You will need to have a working knowledge of your country’s OHS Framework as it pertains directly to your job if you want to become an OHS practitioner. Also, you need to understand the ground-level functioning of those specific business units you are assigned to as you may have scheduled inspections and other externally mandated actions.
What makes for a good OHSMS?
Firstly, a good OHSMS should speak directly to the nature of the business. Larger organisations will require more stringent measures in terms of policies etc. because enforcing them fairly across a greater section of the workforce is made more difficult. Also, this will mean that the occupational health and safety practitioner should customise an OHSMS geared towards limiting company risk while complying as much as possible with related legislation and industry regulations. There must be adequate time and resources provided to training, developing support structures, developing audit and reporting functions, and most of all – securing manager and executive buy-in. If the leaders of the company do not take the structures surrounding the OHSMS seriously, then an organisation can stand a huge risk. This may pose problems with regulatory bodies, law-enforcement and even employees. There is a noticeably higher staff turnover rate for companies where staff feel unsafe.

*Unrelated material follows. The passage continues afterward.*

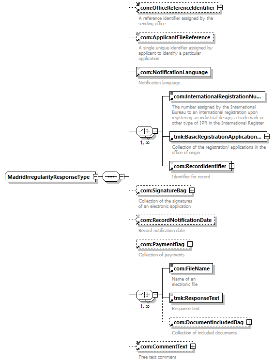 | children | com:OfficeReferenceIdentifier com:ApplicantFileReference com:NotificationLanguage com:InternationalRegistrationNumber tmk:BasicRegistrationApplicationBag com:RecordIdentifier com:SignatureBag com:RecordNotificationDate com:PaymentBag com:FileName tmk:ResponseText com:DocumentIncludedBag com:CommentText | ||||
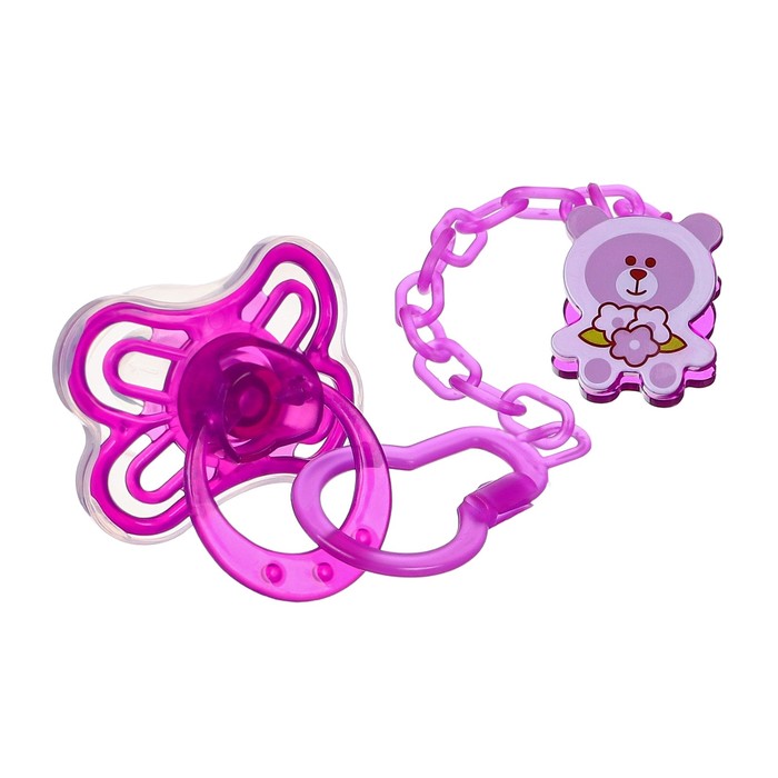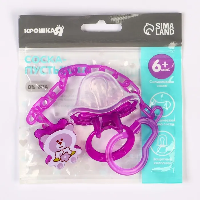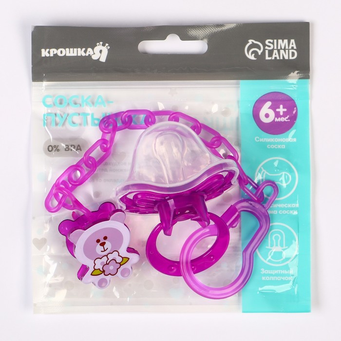 Соска - пустышка силиконовая классическая Крошка Я «Мишка», от 6 мес., с колпачком, держатель, фиолетовый

One last aspect a good OHSMS should have is an element of forecasting. How a business looks now may not be how it looks in four- or five-years’ time. To avoid having to redraft all documentation, make sure you leave room for the changing nature of the organisation, surrounding economic conditions and advances in technology. Be open to adding addenda where necessary to keep your compliance factors current and relevant.
Is OHSMS for you?
After reading this, if you’re thinking: I could do that! Then perhaps you should start exploring your options with a host of resources available on the web. From introductory videos on OHSMS, to online Occupational Health and Safety short courses, articles and downloadable PDFs – you have the information. The key is in using all of these, in tandem, to make yourself the type of OHS practitioner that organisations want to hire and work with.